MATERIALS PROVIDED =>
━━━━━━━━
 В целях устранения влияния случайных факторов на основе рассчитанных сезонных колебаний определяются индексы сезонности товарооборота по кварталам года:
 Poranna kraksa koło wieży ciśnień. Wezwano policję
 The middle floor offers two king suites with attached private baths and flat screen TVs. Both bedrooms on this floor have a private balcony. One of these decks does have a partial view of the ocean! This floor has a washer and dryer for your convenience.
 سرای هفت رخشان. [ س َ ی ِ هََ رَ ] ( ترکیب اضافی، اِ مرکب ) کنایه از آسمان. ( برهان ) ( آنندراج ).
━━━━━━━━
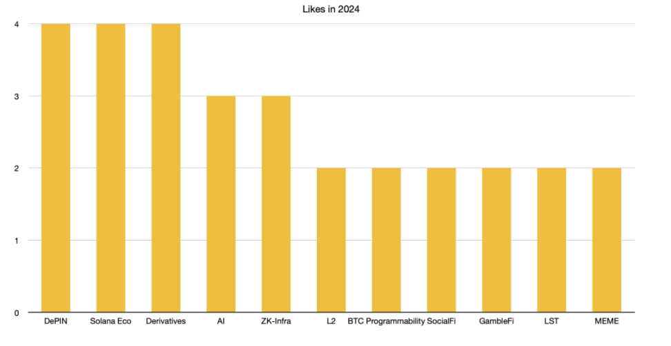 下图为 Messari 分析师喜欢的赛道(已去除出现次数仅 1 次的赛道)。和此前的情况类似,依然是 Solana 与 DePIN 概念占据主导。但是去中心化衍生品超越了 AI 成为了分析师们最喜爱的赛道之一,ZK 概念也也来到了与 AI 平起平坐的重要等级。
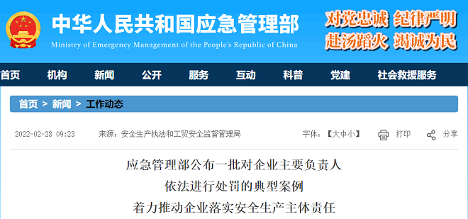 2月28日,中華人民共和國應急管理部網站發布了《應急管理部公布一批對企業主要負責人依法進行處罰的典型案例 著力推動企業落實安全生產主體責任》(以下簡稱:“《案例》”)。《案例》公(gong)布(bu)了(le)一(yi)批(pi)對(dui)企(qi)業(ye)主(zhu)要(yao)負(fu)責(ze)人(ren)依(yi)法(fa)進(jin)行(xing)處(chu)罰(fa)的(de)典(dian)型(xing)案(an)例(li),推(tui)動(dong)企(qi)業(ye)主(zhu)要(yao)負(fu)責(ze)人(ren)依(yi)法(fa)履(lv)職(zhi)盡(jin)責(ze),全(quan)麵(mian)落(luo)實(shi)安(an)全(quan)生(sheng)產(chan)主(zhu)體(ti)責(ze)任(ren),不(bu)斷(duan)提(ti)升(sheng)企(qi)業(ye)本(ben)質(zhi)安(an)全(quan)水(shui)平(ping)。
━━━━━━━━
EXERCISE GOAL => For this exercise, please output exactly the lines above starting at the line with "The middle floor" and ending at the line with "سرای هفت رخشان.", ends included.

EXPECTED ANSWER =>
 The middle floor offers two king suites with attached private baths and flat screen TVs. Both bedrooms on this floor have a private balcony. One of these decks does have a partial view of the ocean! This floor has a washer and dryer for your convenience.
 سرای هفت رخشان. [ س َ ی ِ هََ رَ ] ( ترکیب اضافی، اِ مرکب ) کنایه از آسمان. ( برهان ) ( آنندراج ).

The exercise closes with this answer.